> _Exercise_
Reproduce the records. Keep every word exact and include no images.

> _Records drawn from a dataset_
+ + +
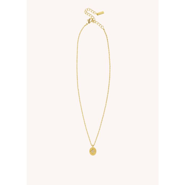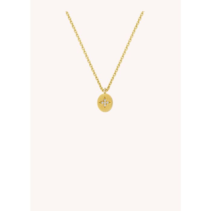 Il suo piccolo medaglione d'oro spazzolato, adornato con una scintillante stella di cristallo, pende da una catena fine. Un pezzo minimalista e luminoso, perfetto da indossare giorno e notte.
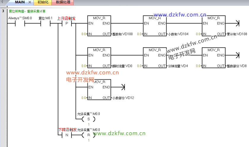 該梯形圖程序采用將浮點數(shù)分離為整數(shù)和小數(shù)兩部分,各自求和后再分別相加,得出當前流量累積值,大大減小了累積誤差,適用于要求精度不是很高的場合。
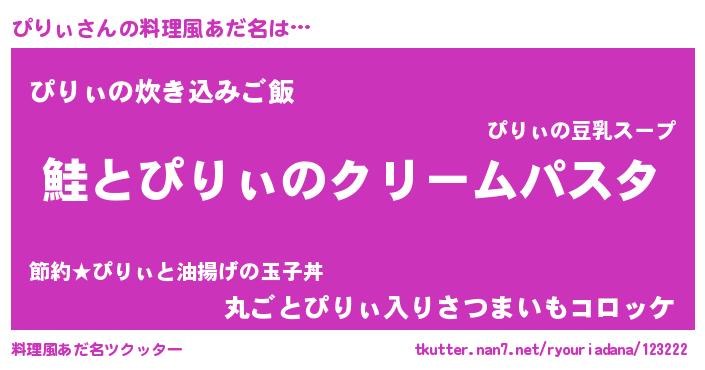 | ヒーロー風カッコイイあだ名 | 『慈愛の使者ぴりぃ』『仮面ピリダー』 |
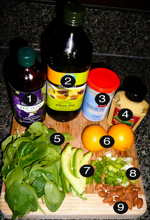 Toss the spinach, blood orange sections, green onions, avocado, almonds, and dressing.
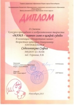 - Сертификат Международного детского конкурса "МЕЧТАЙ! ИССЛЕДУЙ! РАЗМЫШЛЯЙ!" 2015/2016, 2 тур для старшей и подготовительной группы "День рождение Деда Мороза". Организатор: Центр образовательных инициатив, Сибирский институт неприрывного дополнительного образования, г.Омск;
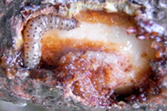 写真3 樹皮下の幼虫(樹皮をはがして撮影)。写真1の被害木。2009/10/2。  |
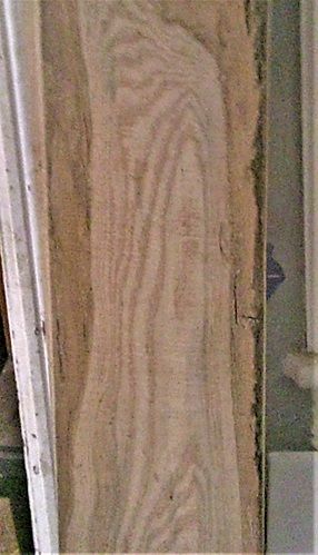 Grandson dropped this thing off... Just a small, 2 step, stepladder....not crazy about the brown paint...besides that "issue" there is something a bit worse Those 2 slats across the back of the legs....particle board. And one had been used AS a step....broke the slat and a piece of the leg off....Plan is to repair the broken leg, and replace the ugly boards with new one out of Ash... . I happen to have 9 planks of 1 x 6 x 6' Ash...should be able to find enough in there? Maybe NOT this section, though.. Save this for another day..but, further down this same plank.. Might find enough "parts" in there? Might even Build a brand NEW one, using the old one as a pattern? Stay tuned..
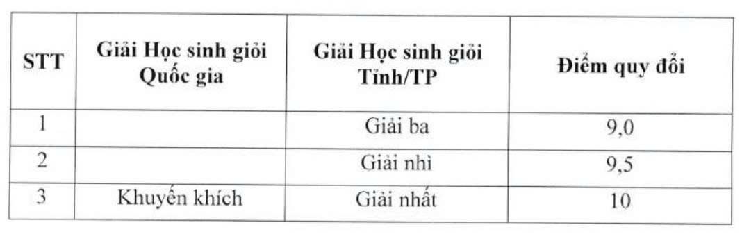 Bên cạnh đó, học viện còn quy đổi giải học sinh giỏi theo thang điểm 10. Bảng quy đổi như sau:
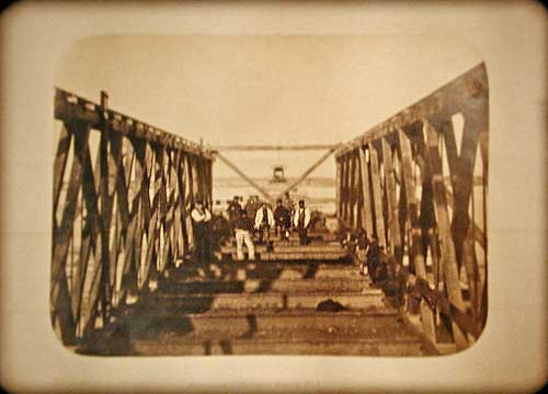 Notman's images show mid 1800s Montreal and its strong business class and a rapidly expanding economy. At the time, Montreal was about 60% English speaking ( most of the business and well-to-do class). Notman himself was an astute businessman. For example, he made stereo photographs of the construction of the Victoria bridge in Montreal and created two portfolios carefully housed in custom made maple boxes. The portfolios contained copies of the stereo views plus other Canadian scenes including ten mammoth 18 x 24 inch contact images. The portfolios were intended for Queen Victoria, to be delivered by the Prince of Wales while he was in Montreal for the opening of the Victoria bridge. Notman anticipated this gift would enhance his reputation in the world. It resulted in his prestigious designation of 'Photographer to the Queen' which he had engraved over the door of his Montreal studio!
+ + +
> _Response to the exercise_
 Il suo piccolo medaglione d'oro spazzolato, adornato con una scintillante stella di cristallo, pende da una catena fine. Un pezzo minimalista e luminoso, perfetto da indossare giorno e notte.
 該梯形圖程序采用將浮點數(shù)分離為整數(shù)和小數(shù)兩部分,各自求和后再分別相加,得出當前流量累積值,大大減小了累積誤差,適用于要求精度不是很高的場合。
 | ヒーロー風カッコイイあだ名 | 『慈愛の使者ぴりぃ』『仮面ピリダー』 |
 Toss the spinach, blood orange sections, green onions, avocado, almonds, and dressing.
 - Сертификат Международного детского конкурса "МЕЧТАЙ! ИССЛЕДУЙ! РАЗМЫШЛЯЙ!" 2015/2016, 2 тур для старшей и подготовительной группы "День рождение Деда Мороза". Организатор: Центр образовательных инициатив, Сибирский институт неприрывного дополнительного образования, г.Омск;
 写真3 樹皮下の幼虫(樹皮をはがして撮影)。写真1の被害木。2009/10/2。  |
 Grandson dropped this thing off... Just a small, 2 step, stepladder....not crazy about the brown paint...besides that "issue" there is something a bit worse Those 2 slats across the back of the legs....particle board. And one had been used AS a step....broke the slat and a piece of the leg off....Plan is to repair the broken leg, and replace the ugly boards with new one out of Ash... . I happen to have 9 planks of 1 x 6 x 6' Ash...should be able to find enough in there? Maybe NOT this section, though.. Save this for another day..but, further down this same plank.. Might find enough "parts" in there? Might even Build a brand NEW one, using the old one as a pattern? Stay tuned..
 Bên cạnh đó, học viện còn quy đổi giải học sinh giỏi theo thang điểm 10. Bảng quy đổi như sau:
 Notman's images show mid 1800s Montreal and its strong business class and a rapidly expanding economy. At the time, Montreal was about 60% English speaking ( most of the business and well-to-do class). Notman himself was an astute businessman. For example, he made stereo photographs of the construction of the Victoria bridge in Montreal and created two portfolios carefully housed in custom made maple boxes. The portfolios contained copies of the stereo views plus other Canadian scenes including ten mammoth 18 x 24 inch contact images. The portfolios were intended for Queen Victoria, to be delivered by the Prince of Wales while he was in Montreal for the opening of the Victoria bridge. Notman anticipated this gift would enhance his reputation in the world. It resulted in his prestigious designation of 'Photographer to the Queen' which he had engraved over the door of his Montreal studio!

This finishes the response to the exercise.